Meinung: Weinzierls Medienschelte soll von VfB-Krise ablenken

Stuttgart - Es war ein wütender Auftritt, den VfB-Trainer Markus Weinzierl vor dem Abstiegskrimi gegen den FC Augsburg auf der Pressekonferenz hinlegte. (TAG24 berichtete)

Nach der Spuckattacke fasst VfB-Mittelfeldmann Santiago Ascacíbar dem Leverkusener Kai Havertz noch ins Gesicht.
Nach der Spuckattacke fasst VfB-Mittelfeldmann Santiago Ascacíbar dem Leverkusener Kai Havertz noch ins Gesicht.  © DPA

So erlebten die Journalisten am Mittwochmorgen einen kämpferischen Weinzierl, der zur Medienschelte ausholte.

Ausgerechnet zu diesem Zeitpunkt, kurz vor dem Endspiel gegen seinen Ex-Club Augsburg, bei dem vermutlich auch sein Job auf dem Spiel steht.

Dass sein Opfer dabei die Medien sind, verwundert allerdings nicht und ist eine beliebte, sowie kalkulierte Masche, wenn ein Verein mit dem Rücken zur Wand steht.

"Wir Trainer werden für alles verantwortlich gemacht", polterte Weinzierl los und sprach außerdem von mangelndem Respekt gegenüber dem Job als Coach.

Das alles erinnerte etwas an die spektakuläre Wutrede der Bayern-Bosse im Oktober, als sich die Münchner mit einem großflächigen Angriff gegen die Medien schützend vor Trainer Nico Kovac stellten, der kurz vor dem Aus zu stehen schien.

Damals erinnerte Bayerns Vorstand Karl-Heinz Rummenigge die Pressevertreter sogar daran, sich ans Grundgesetz zu halten, weil man mit der kritischen Berichterstattung über einzelne Spieler und Trainer nicht zufrieden war.
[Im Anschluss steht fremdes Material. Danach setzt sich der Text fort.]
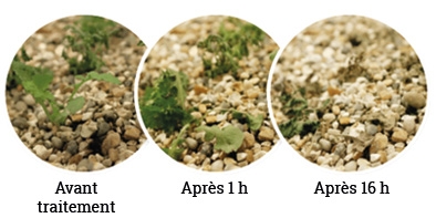 Il existe enfin des désherbants spécialisés pour ces zones, à appliquer en pulvérisation et à base d'actifs d'origine naturelle agissant pour certains en 1h à 3h.
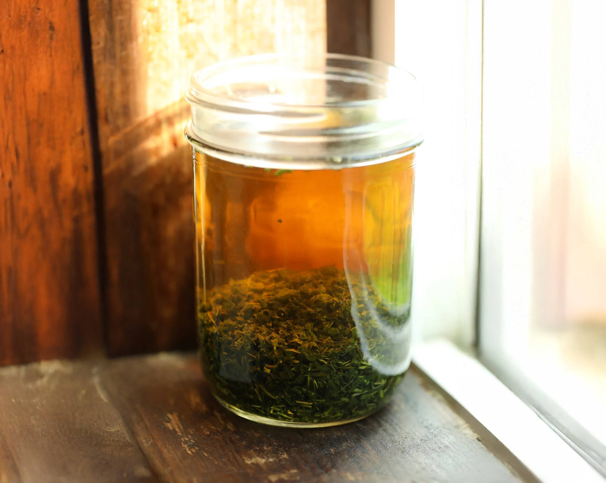 Tapá el frasco y guardalo en un lugar fresco y oscuro, bien cerrado por 3 días. Agitar ocasionalmente para que se integren las hierbas.

VfB-Trainer Markus Weinzierl zeigt etwas Feuer an der Seitenlinie.
VfB-Trainer Markus Weinzierl zeigt etwas Feuer an der Seitenlinie.

Ganz so spektakulär wie der Vorfall an der Säbener Straße war Weinzierls Pressekonferenz zwar nicht, doch die Absicht ist ähnlich.

Meiner Meinung nach soll mit der Medienschelte von der schlechtesten Bundesliga-Saison in der Geschichte des VfB Stuttgart abgelenkt werden. Und von der Trainerdiskussion.

So wiegelte Weinzierl auch diesen TAG24-Redakteur ab. Dieser fragte nämlich, ob der Coach Verständnis habe, falls der VfB die Reißleine ziehen sollte - und ihn entließe.

Daraufhin entgegnete Weinzierl: "Auf Sie habe ich mich schon den ganzen Tag gefreut" und "Sie haben mir letzte Woche schon drei negative Fragen gestellt." Die eigentliche Frage ließ der Niederbayer aber unbeantwortet.

Weinzierl hatte sich die Wutrede vorgenommen, was sich von Anfang an bemerkbar machte.

So nahm er die Berichterstattung über die Spuckattacke von Santiago Ascacíbar (TAG24 berichtete) zum Anlass seiner Medienschelte. Als ihn ein Journalist darauf ansprach, wie er die Aktion des Argentiniers bewerte, rieb sich Weinzierl schon die Hände, dass er von der Einstiegsfrage an, ganz nach dem Vorbild der bayrischen "Abteilung Attacke", loslegen durfte.

Und wie er loslegte! Aber immerhin war mal wieder etwas Feuer bei Weinzierl zu sehen, das sich jetzt nur noch auf die Mannschaft übertragen muss.

Wenn diese es dann noch auf den Platz bringt, könnte es gegen Mitabstiegskonkurrent Augsburg vielleicht auch mal mit einem Sieg klappen.